Genome Assembly Validation and Improvement

Provided by: ISU
Registration: Register Here

In this workshop, participants will learn how to understand and validate a genome assembly. The participants will appreciate why genome assembly is often an iterative process, where you start with a draft and constantly improve using techniques such as polishing and scaffolding. Participants will also be introduced to gene annotation.

Introduction to Hi-C Data and Genome Scaffolding with Juicer, 3D-DNA, and Juicebox

What is Hi-C?
- Hi-C is a chromosome conformation capture technique that measures the 3D spatial organization of genomes.
- It captures physical proximity between different regions of the genome by crosslinking, digesting, and ligating DNA, followed by paired-end sequencing.
- Hi-C reads represent pairs of DNA fragments that were close together in the nucleus, even if they are distant in the linear genome sequence.
- Hi-C data can reveal:
  - Chromosome territories
  - Topologically associating domains (TADs)
  - Fine-scale contacts are valuable for genome assembly
Why Use Hi-C for Genome Scaffolding?
- Proximity information from Hi-C contacts can be used to:
  - Order contigs along chromosomes
  - Orient contigs correctly
  - Detect misassemblies in initial genome drafts
- Hi-C offers long-range linking information (>1 Mb) that is difficult to obtain from short-read sequencing alone.
How does juicer and 3D-DNA use Hi-C Data for Scaffolding
- Juicer is a pipeline for processing raw Hi-C reads into a contact map.
  - Aligns Hi-C read pairs to the draft genome assembly (e.g., using BWA or other aligners).
  - Filters and deduplicates valid Hi-C contacts.
  - Generates .hic files — compressed, indexed contact maps.
  - Provides quality control statistics on the data (e.g., contact matrices at various resolutions).
- 3D-DNA is a pipeline that uses Juicer outputs to scaffold and improve genome assemblies.
  - Takes the initial assembly and Hi-C contact map as input.
  - Identifies and breaks potential misassemblies based on inconsistent Hi-C signals.
  - Clusters contigs into chromosomes using contact frequencies.
  - Orders and orients contigs within each chromosome.
  - Outputs a new assembly with chromosome-length scaffolds.
  - Optionally, the assembly can be manually curated using Juicebox Assembly Tools to correct or refine scaffolding.

Getting started:

srun --reservation=wk2_workshop -A scinet_workshop2 -t 08:00:00 -p ceres -N1 -c8 --pty bash

mkdir -p /90daydata/shared/$USER/genome_assembly
cd /90daydata/shared/$USER/genome_assembly
cp -r /project/scinet_workshop2/Bioinformatics_series/wk2_workshop/day2/ .
cd day2

Run juicer pipeline

Setting up subfolders

mkdir references
mkdir fastq
mkdir splits

The reference folder should contain the genome and its BWA-mem index
```
cp ../../02_Files/Genome.fasta references/
```

Build Index

module purge
module load bwa
time bwa index references/Genome.fasta

Make the chrome.sizes file

module load samtools
samtools faidx references/Genome.fasta
cut -f 1,2 references/Genome.fasta.fai > chrom.sizes

Copy the fastq files to the fastq folder and explore
Note: Juicer requires that the fastq files be named with this extension _R1.fastq and _R2.fastq.
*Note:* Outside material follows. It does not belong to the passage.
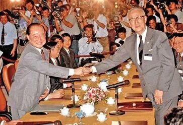 ▎1993年4月27日,时任海峡两岸关系协会会长汪道涵、海峡交流基金会董事长辜振甫举行“汪辜会谈”首次会议。图源:共产党员网

Any other naming scheme will fail, and the files must not be compressed.
```
cp ../02_Files/*.fastq fastq
wc -l fastq/*
../02_Files/new_Assemblathon.pl references/Genome.fasta
```

Change to splits folder and split the fastq files

cd splits/
split -a 3 -l 240000 -d --additional-suffix=_R1.fastq ../fastq/2MAtHiCDedup_R1.fastq&
split -a 3 -l 240000 -d --additional-suffix=_R2.fastq ../fastq/2MAtHiCDedup_R2.fastq &

Run juicer

cd /90daydata/shared/$USER/genome_assembly/day2/01_TestJuicer/
module purge
module load juicer
export _JAVA_OPTIONS=-Djava.io.tmpdir=${TMPDIR}
time JUICER juicer.sh -d $PWD -p chrom.sizes -s none -z references/Genome.fasta -t 8 --assembly

Essential output files reside within the aligned folder.

tree aligned/
aligned/
├── header
├── inter.txt
├── inter_30.txt
├── inter_30_hists.m
├── inter_hists.m
├── merged1.txt
├── merged30.txt
├── merged_dedup.bam
└── merged_nodups.txt

Juicer2 Output Files — Basic Definitions
File	Definition	Use
`header`	Text file with metadata about the Hi-C run (e.g., genome version, parameters).	Used internally by Juicer; small summary of the processing run.
`merged1.txt`	List of Hi-C read pairs at 1 bp resolution (raw, not normalized).	Can be used to build low-resolution contact maps.
`merged30.txt`	List of Hi-C read pairs at 30 bp resolution (binning shortens file size).	Used for making higher-level, binned contact maps more efficiently.
`merged_dedup.bam`	BAM file of aligned, deduplicated Hi-C reads (valid pairs only).	Useful for visualization in genome browsers like IGV, JBROWSE, etc.
`inter.txt`	Contact statistics between contigs/scaffolds (raw form).	Basic QC: shows how reads link different parts of the genome.
`inter_hists.m`	MATLAB script with histograms of Hi-C contact distributions.	Helps visualize contact decay with distance; used for QC.
`inter_30.txt`	Same as `inter.txt`, but based on reads binned at 30 bp resolution.	Faster/lighter version for QC and distance plotting.
`inter_30_hists.m`	MATLAB script plotting histograms for 30 bp binned contacts.	Visual QC of contact maps at lower resolution.
`merged_nodups.txt`	Full list of valid Hi-C contacts, deduplicated, in tab-separated text format.	Main input for 3D-DNA scaffolding and for building `.hic` files for Juicebox visualization.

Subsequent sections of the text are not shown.